* What you have to do
What are the lines, word for word, from the line with "These knives look" up to and including the line with "本文件适用于现有耐火材料工业" in the records below? Omit the pictures.

* Entries provided
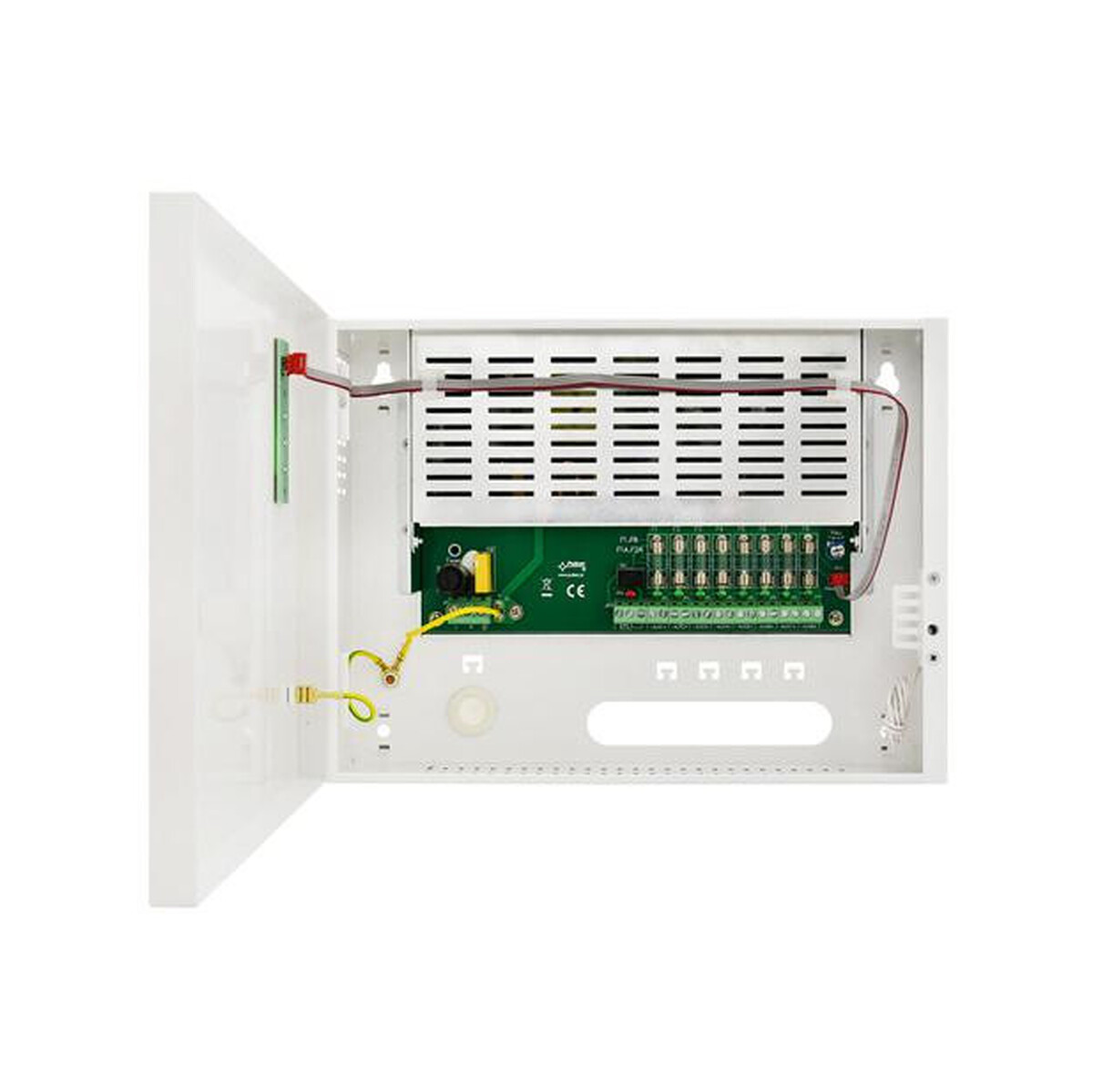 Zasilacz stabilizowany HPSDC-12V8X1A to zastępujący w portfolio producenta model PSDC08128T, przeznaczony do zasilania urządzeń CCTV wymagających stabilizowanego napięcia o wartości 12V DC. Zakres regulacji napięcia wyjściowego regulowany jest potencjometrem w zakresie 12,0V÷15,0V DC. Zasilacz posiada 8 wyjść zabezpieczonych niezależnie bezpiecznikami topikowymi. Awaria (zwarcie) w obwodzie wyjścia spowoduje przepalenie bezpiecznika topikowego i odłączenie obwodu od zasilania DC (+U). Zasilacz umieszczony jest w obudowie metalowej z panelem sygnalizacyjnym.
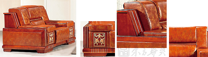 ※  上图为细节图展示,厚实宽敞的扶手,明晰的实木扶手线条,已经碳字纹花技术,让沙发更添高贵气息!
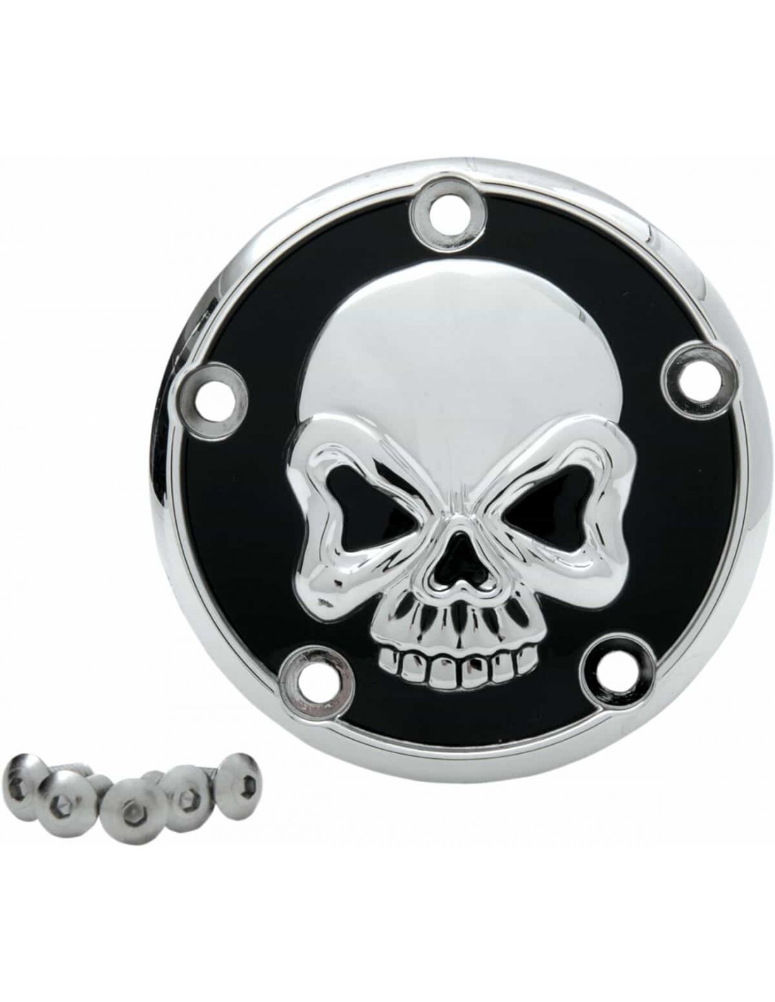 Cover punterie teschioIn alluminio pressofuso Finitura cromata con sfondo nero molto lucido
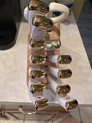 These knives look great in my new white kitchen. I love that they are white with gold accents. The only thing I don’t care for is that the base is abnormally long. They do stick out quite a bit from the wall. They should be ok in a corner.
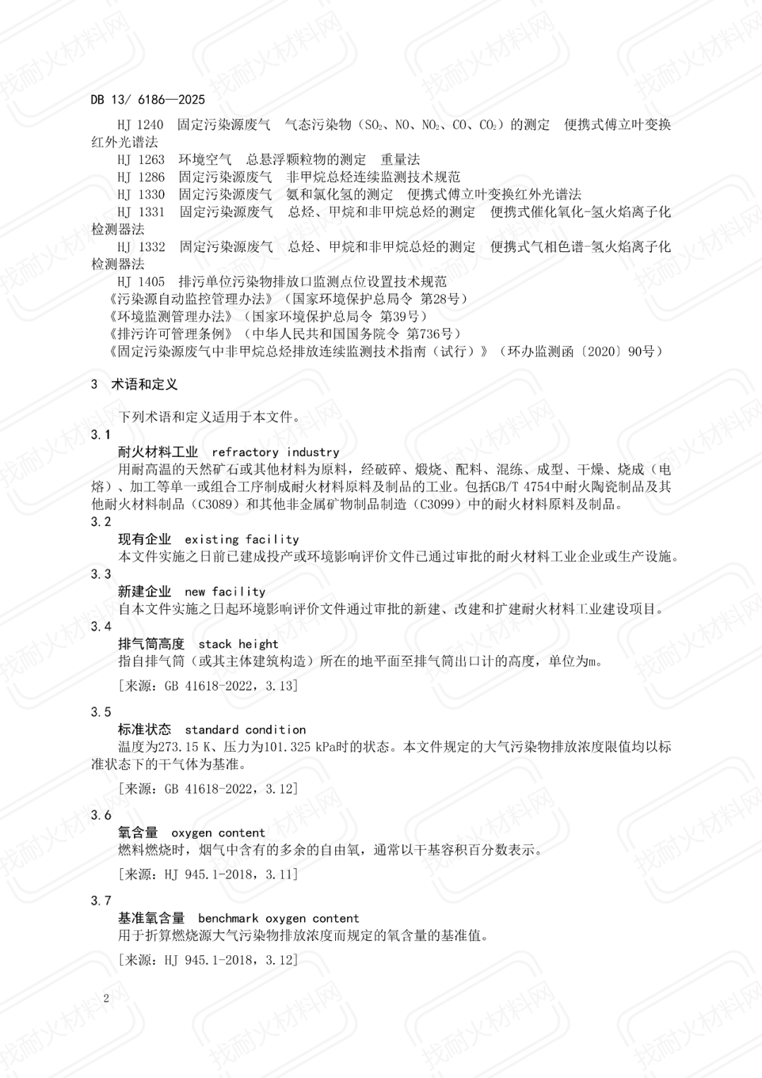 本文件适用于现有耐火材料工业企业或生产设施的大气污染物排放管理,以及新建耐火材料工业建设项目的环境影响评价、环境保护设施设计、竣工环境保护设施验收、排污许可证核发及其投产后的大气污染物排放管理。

...

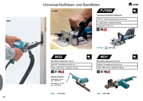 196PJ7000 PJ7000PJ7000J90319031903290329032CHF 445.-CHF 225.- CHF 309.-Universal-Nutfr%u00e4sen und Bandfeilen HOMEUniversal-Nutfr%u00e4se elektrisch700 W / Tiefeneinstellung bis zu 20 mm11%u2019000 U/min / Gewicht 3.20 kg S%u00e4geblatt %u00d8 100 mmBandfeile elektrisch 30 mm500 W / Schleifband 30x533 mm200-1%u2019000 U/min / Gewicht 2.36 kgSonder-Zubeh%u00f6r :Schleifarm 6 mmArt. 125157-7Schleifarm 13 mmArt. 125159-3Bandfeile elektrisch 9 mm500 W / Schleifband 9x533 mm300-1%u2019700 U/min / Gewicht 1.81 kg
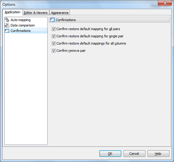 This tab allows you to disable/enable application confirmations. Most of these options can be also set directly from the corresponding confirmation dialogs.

---

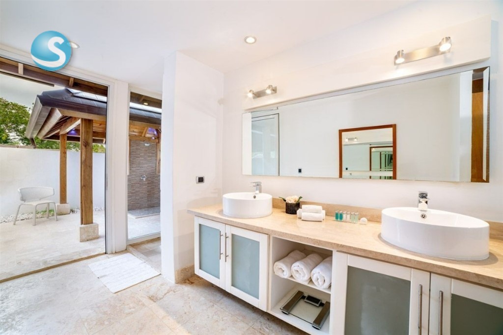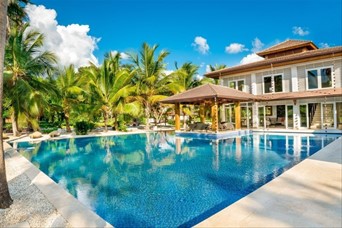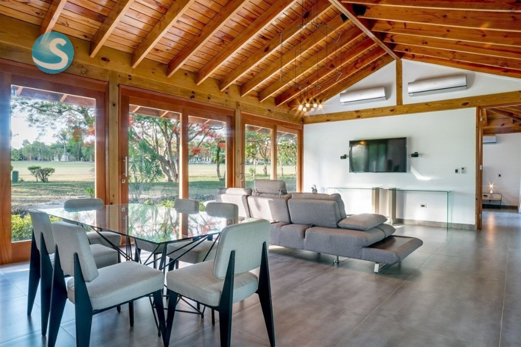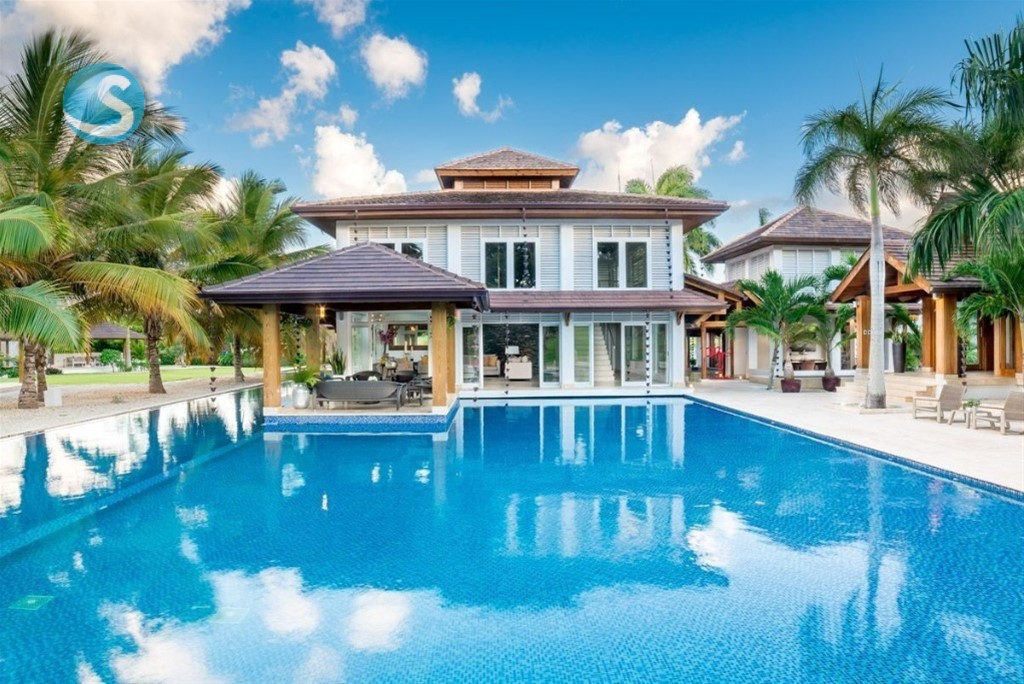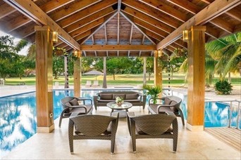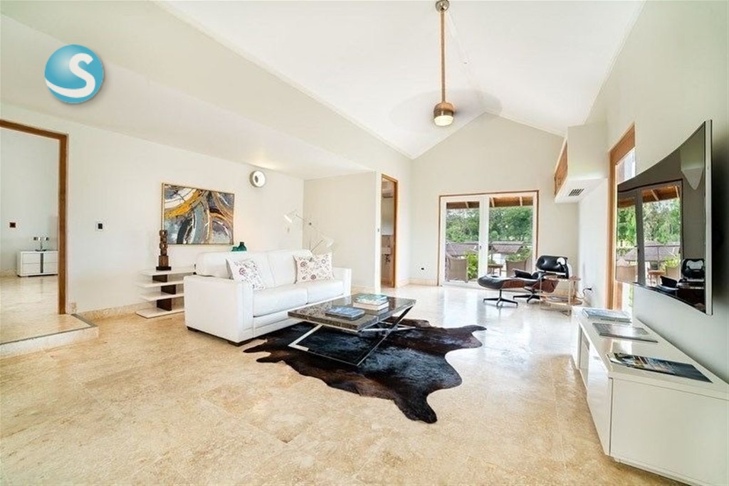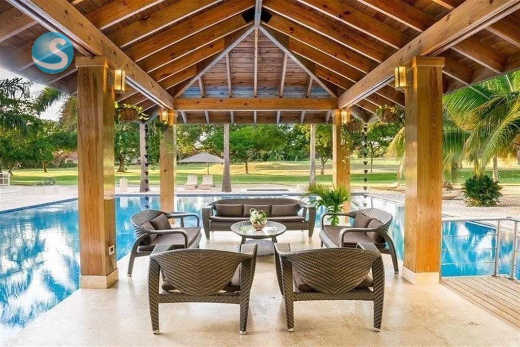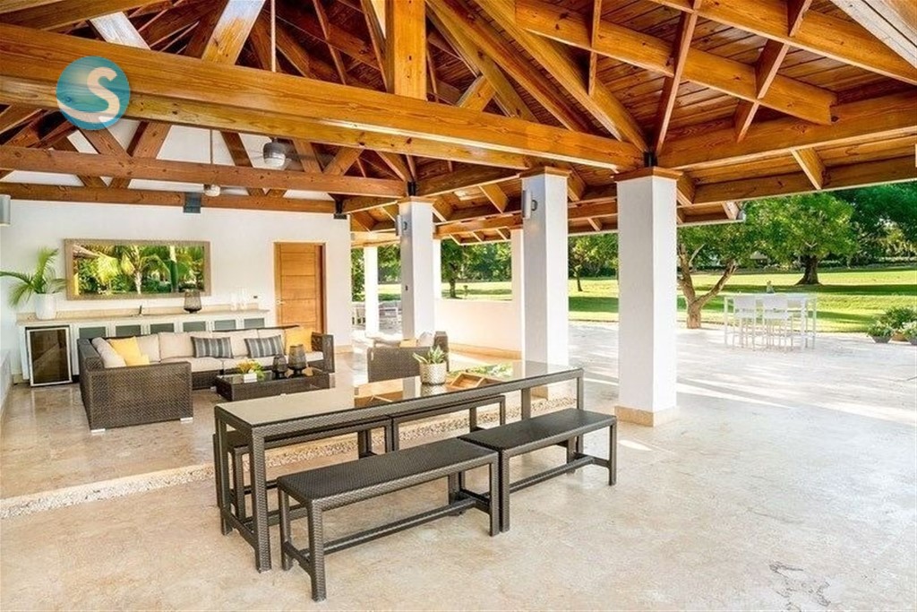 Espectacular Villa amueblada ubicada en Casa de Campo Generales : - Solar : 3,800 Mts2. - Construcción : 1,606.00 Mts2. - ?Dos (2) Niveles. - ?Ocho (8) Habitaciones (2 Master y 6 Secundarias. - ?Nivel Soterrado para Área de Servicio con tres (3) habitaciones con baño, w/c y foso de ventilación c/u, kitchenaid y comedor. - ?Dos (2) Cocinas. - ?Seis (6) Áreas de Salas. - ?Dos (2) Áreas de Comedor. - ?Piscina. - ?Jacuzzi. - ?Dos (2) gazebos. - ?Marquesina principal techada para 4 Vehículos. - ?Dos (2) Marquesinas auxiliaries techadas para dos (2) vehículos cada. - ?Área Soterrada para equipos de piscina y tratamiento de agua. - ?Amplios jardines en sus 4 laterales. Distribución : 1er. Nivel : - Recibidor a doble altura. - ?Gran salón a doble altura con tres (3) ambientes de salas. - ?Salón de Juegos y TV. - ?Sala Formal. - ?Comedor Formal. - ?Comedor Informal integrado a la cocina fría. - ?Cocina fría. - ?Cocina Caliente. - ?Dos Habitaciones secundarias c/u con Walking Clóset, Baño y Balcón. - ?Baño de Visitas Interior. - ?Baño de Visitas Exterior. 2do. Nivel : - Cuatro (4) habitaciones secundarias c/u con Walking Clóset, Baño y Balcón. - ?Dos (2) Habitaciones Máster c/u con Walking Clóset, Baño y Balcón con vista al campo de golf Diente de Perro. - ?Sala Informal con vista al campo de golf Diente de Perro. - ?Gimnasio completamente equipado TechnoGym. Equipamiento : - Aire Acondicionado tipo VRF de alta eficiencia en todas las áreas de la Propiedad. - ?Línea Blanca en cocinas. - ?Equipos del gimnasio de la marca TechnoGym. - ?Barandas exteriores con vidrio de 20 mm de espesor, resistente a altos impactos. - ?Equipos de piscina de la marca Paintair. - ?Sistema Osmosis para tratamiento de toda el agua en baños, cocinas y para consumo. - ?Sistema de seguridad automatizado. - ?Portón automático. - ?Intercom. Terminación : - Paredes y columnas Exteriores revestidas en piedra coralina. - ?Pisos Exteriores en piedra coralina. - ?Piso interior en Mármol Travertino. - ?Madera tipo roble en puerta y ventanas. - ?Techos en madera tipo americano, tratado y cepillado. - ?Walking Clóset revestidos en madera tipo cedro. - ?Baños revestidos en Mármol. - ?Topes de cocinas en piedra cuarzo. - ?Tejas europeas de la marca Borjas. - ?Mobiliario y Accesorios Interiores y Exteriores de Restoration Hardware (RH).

* Task response
 These knives look great in my new white kitchen. I love that they are white with gold accents. The only thing I don’t care for is that the base is abnormally long. They do stick out quite a bit from the wall. They should be ok in a corner.
 本文件适用于现有耐火材料工业企业或生产设施的大气污染物排放管理,以及新建耐火材料工业建设项目的环境影响评价、环境保护设施设计、竣工环境保护设施验收、排污许可证核发及其投产后的大气污染物排放管理。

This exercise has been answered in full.